=== WHAT YOU WILL DO ===
Return every entry below exactly as written, minus the pictures.

========

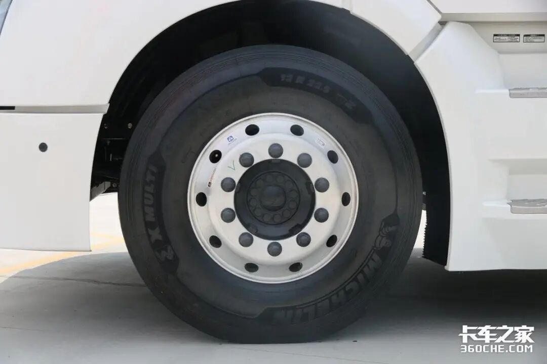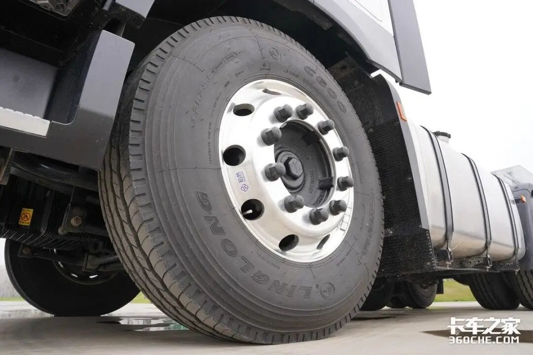 这台欧曼EST星辉版的油箱总容积达1000升(双油箱设计),并且实拍车全车装配的轮圈都是铝合金材质,轮胎也选择了固特异的低滚阻轮胎,滚动阻力可下降20%。悬挂方面,这台车采用的是前后两片板簧悬架的形式,有需求的卡友也可选择空气悬架。
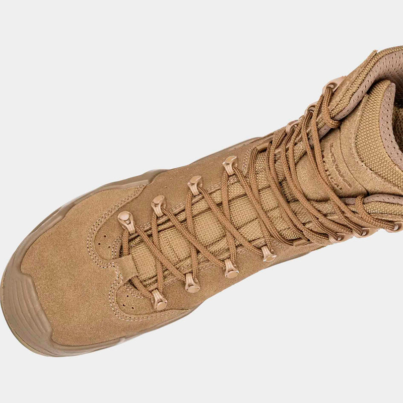 As botas Z-8S C da marca alemã Lowa na cor Coyote OP são umas botas fabricadas em materiais de primeira qualidade que faz com que seja uma bota resistente e funcional, perfeita para terrenos acidentados.
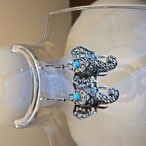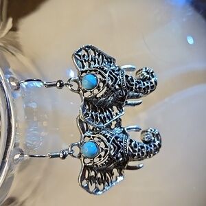 Bohemian Elephant Dangle Earrings Turquoise Accents, Zinc Alloy Iron Ear Hooks
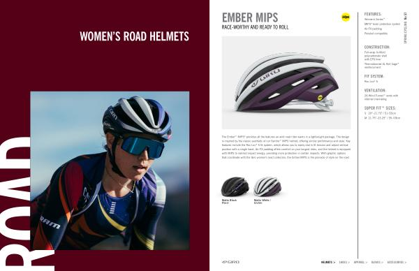 The Ember™ MIPS ® provides all the features an avid road rider wants in a lightweight package . The design is inspired by the classic aesthetic of our Synthe™ MIPS helmet , offering similar performance and style . Key features include the Roc Loc ® 5 fit system , which allows you to easily dial in fit tension and adjust vertical position with a single hand . Air-FX padding offers comfort on your longest rides , and the helmet is equipped with MIPS to redirect impact energy , providing more protection in certain impacts . With graphic options that coordinate with the Giro women ’ s road collection , the Ember MIPS is the pinnacle of style on the road .
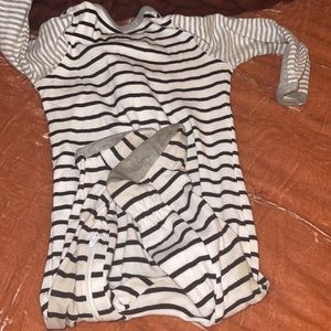 Black white and grey pajama onesie. Zipper starts at the door and goes up. Good for changing baby in the middle of the night. Comes from smoke and pet free environment. Has some stains as shown in photos
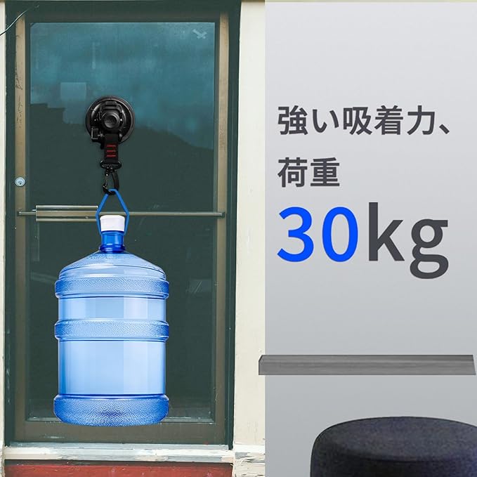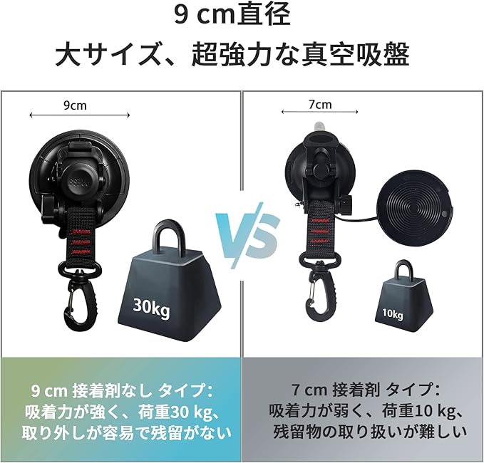 【大型直径9cm吸盤、耐荷重30kgの高い吸着力】高品質のABSとPVC素材で作られた吸盤は耐摩耗性、耐久性に優れています。直径9cmの大型吸盤を採用したことにより耐荷重も静的30kgを実現しており、家庭でもアウトドアでもストレスなく使用できます。長時間の使用でも吸着力が弱まらず、実用試験ではガラス扉に10kgの重りを24時間かけても吸盤が動かず安定して吊るすことを確認しました。そのため風の強い屋外でもサンシェードなどを車にしっかり固定することができます。
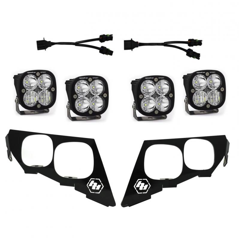 This kit utilizes four Squadron Sports (3150 lumens each). The need for front bumper lighting or roof mounted light bars are a thing of the past. This plug and play mounting kit includes two vehicle specific mounting brackets and a wiring harness, allowing you to use your factory switch and mounting hardware.
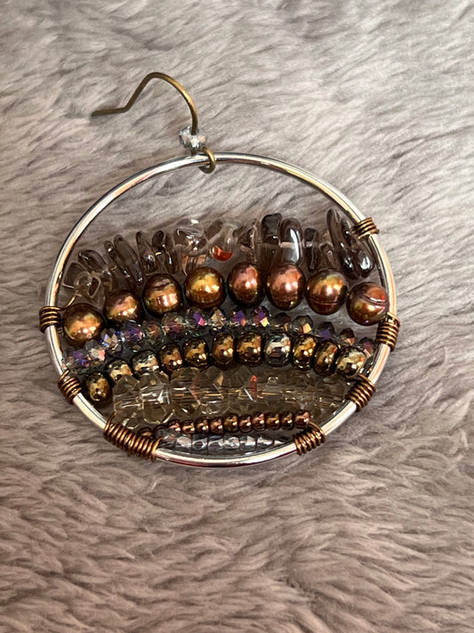 Earrings- Silver plated metal with Smokey quartz, fresh water pearls and crystals.

========

=== SOLUTION FOR THIS TASK ===
 这台欧曼EST星辉版的油箱总容积达1000升(双油箱设计),并且实拍车全车装配的轮圈都是铝合金材质,轮胎也选择了固特异的低滚阻轮胎,滚动阻力可下降20%。悬挂方面,这台车采用的是前后两片板簧悬架的形式,有需求的卡友也可选择空气悬架。
 As botas Z-8S C da marca alemã Lowa na cor Coyote OP são umas botas fabricadas em materiais de primeira qualidade que faz com que seja uma bota resistente e funcional, perfeita para terrenos acidentados.
 Bohemian Elephant Dangle Earrings Turquoise Accents, Zinc Alloy Iron Ear Hooks
 The Ember™ MIPS ® provides all the features an avid road rider wants in a lightweight package . The design is inspired by the classic aesthetic of our Synthe™ MIPS helmet , offering similar performance and style . Key features include the Roc Loc ® 5 fit system , which allows you to easily dial in fit tension and adjust vertical position with a single hand . Air-FX padding offers comfort on your longest rides , and the helmet is equipped with MIPS to redirect impact energy , providing more protection in certain impacts . With graphic options that coordinate with the Giro women ’ s road collection , the Ember MIPS is the pinnacle of style on the road .
 Black white and grey pajama onesie. Zipper starts at the door and goes up. Good for changing baby in the middle of the night. Comes from smoke and pet free environment. Has some stains as shown in photos
 【大型直径9cm吸盤、耐荷重30kgの高い吸着力】高品質のABSとPVC素材で作られた吸盤は耐摩耗性、耐久性に優れています。直径9cmの大型吸盤を採用したことにより耐荷重も静的30kgを実現しており、家庭でもアウトドアでもストレスなく使用できます。長時間の使用でも吸着力が弱まらず、実用試験ではガラス扉に10kgの重りを24時間かけても吸盤が動かず安定して吊るすことを確認しました。そのため風の強い屋外でもサンシェードなどを車にしっかり固定することができます。
 This kit utilizes four Squadron Sports (3150 lumens each). The need for front bumper lighting or roof mounted light bars are a thing of the past. This plug and play mounting kit includes two vehicle specific mounting brackets and a wiring harness, allowing you to use your factory switch and mounting hardware.
 Earrings- Silver plated metal with Smokey quartz, fresh water pearls and crystals.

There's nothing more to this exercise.